Anyway, if I understand your intention correctly, I would suggest changing your logical TRUE/FALSE statements at some point into ones and zeroes, so you can easily calculate how your expected winning percentage on high-difference picks changes as you tweak your formula. For example, this:

=IF(ABS(E2)>=3,IF(F2=TRUE,1,0),"")

should give a blank for low-difference picks, and give 1’s and 0’s on place of the logical TRUE and FALSE statements. Then you can take an average of the column.

If that helps at all.

If you’re taking the average, then you’re the one counting wrong (don’t worry, I’ll explain). Excel will add up all of the TRUEs and count each one as 1. So if your “success when more than 3 points are at stake” is column G, you’d want to calculate

=(SUM(G1:G9000)/ the_number_of_filled_cells)

You’re probably dividing by the total number of games, which is an irrelevant number. Try calculating

=(SUM(G1:G9000)/COUNT(G1:G9000))

and you’ll get your percentage score. A more sophisticated spreadsheet would calculate what you would have won or lost by wagering a dollar on each of those games, and divide your net gains by the number of games wagered on. If you calculate this for each system under consideration, you’ll discover what percentage you can make on a given amount of money. If you find something that beats 10% in the long run, let me know.

Edit: you say SUM() doesn’t work on t/f? I agree - convert to 1’s and 0’s and then use traditional math.

Excel shouldn’t be counting empty cells as if they were FALSE. I guess the answer depends on just what you’re doing. Note my post above that the AVERAGE function seems to not work on logical values.

However, if you have a mix of 1’s, 0’s, and blank cells, Excel’s AVERAGE function should work correctly, ignoring the blank spaces. If I understand your intention correctly, that’s what I’d do: convert the TRUEs and FALSEs back to 1’s and 0’s and go from there.

Right, but Excel also has an “AVERAGEA” command, which gives the mean of a series of T/F statements. That’s what I’ve been using to tally overall success, but it doesn’t work for a column created in the way you described in Post #4.

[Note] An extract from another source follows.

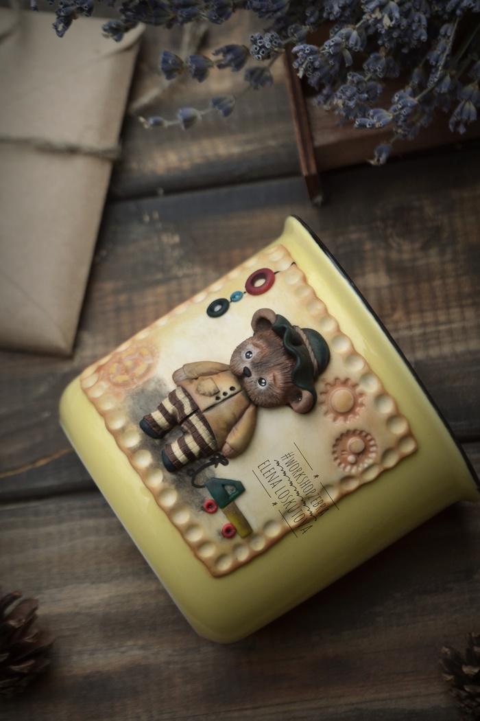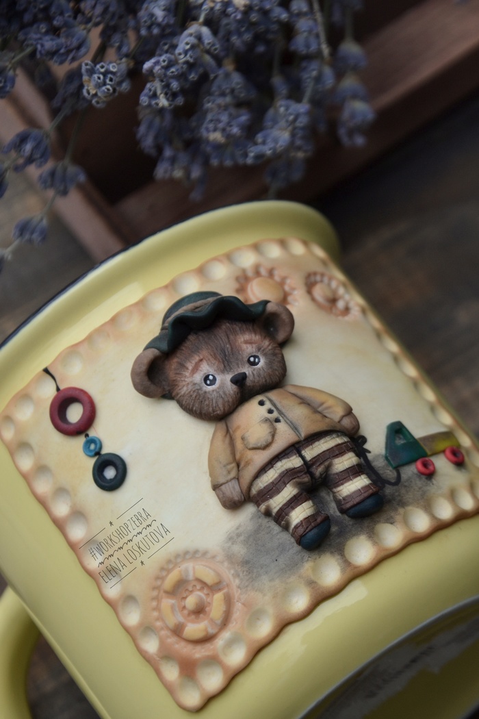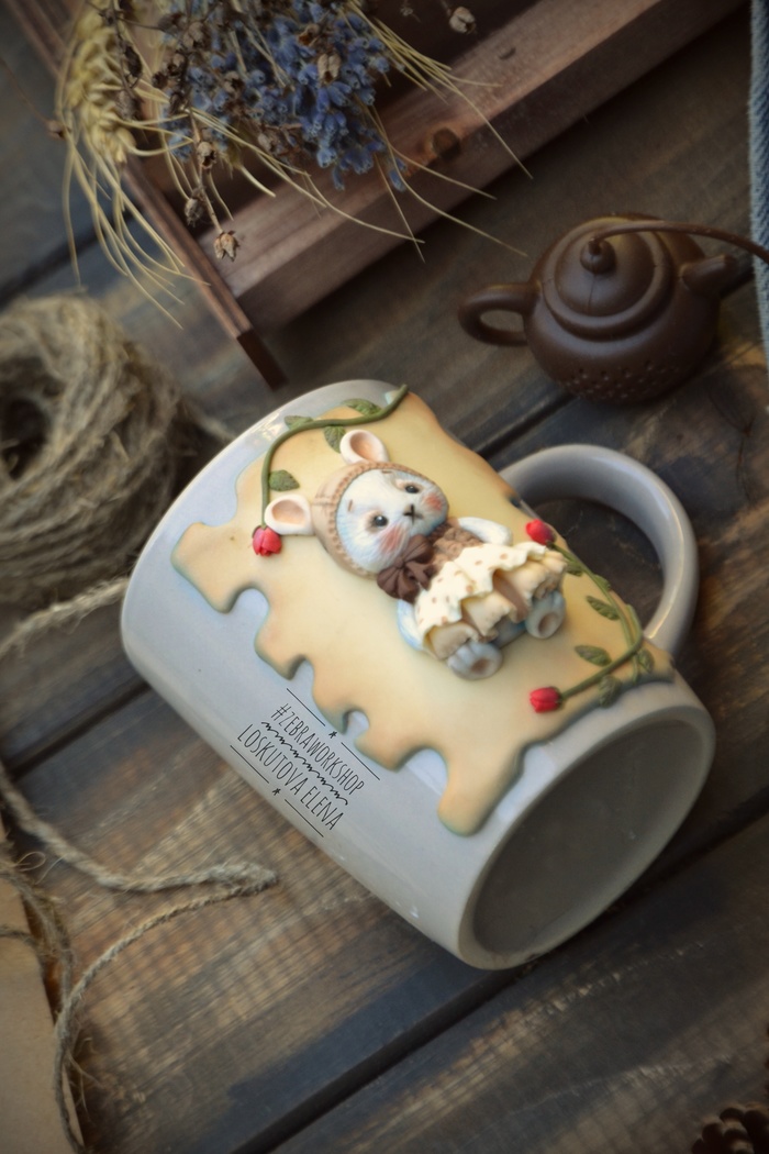 Идея создать серию кружек под названием "Мои игрушки" возникла во время просмотра работ одного потрясающего иллюстратора Инги Измайловой. Так появилась первая кружка с зайкой. Дальше меня захлестнула фантазия и появились следующие работы, в которых я старалась сохранить свой новый стиль.

Yep, that works perfectly. Thanks very much. I’ll send along the spreadsheet if you’re interested, probably in a day or two.

[QUOTE=VarlosZ when taking the average of the new column’s TRUE/FALSE statements, Excel is counting the empty cells as if they were FALSE. Any way to get around this? How do you get an IF function to leave a cell truly blank if the test is FALSE?[/QUOTE]

maybe something like this:
=IF(ISBLANK(B1),"",IF(ABS(B1)>=3,TRUE(),FALSE()))

I did not notice how old this post was - I’m really, very sorry.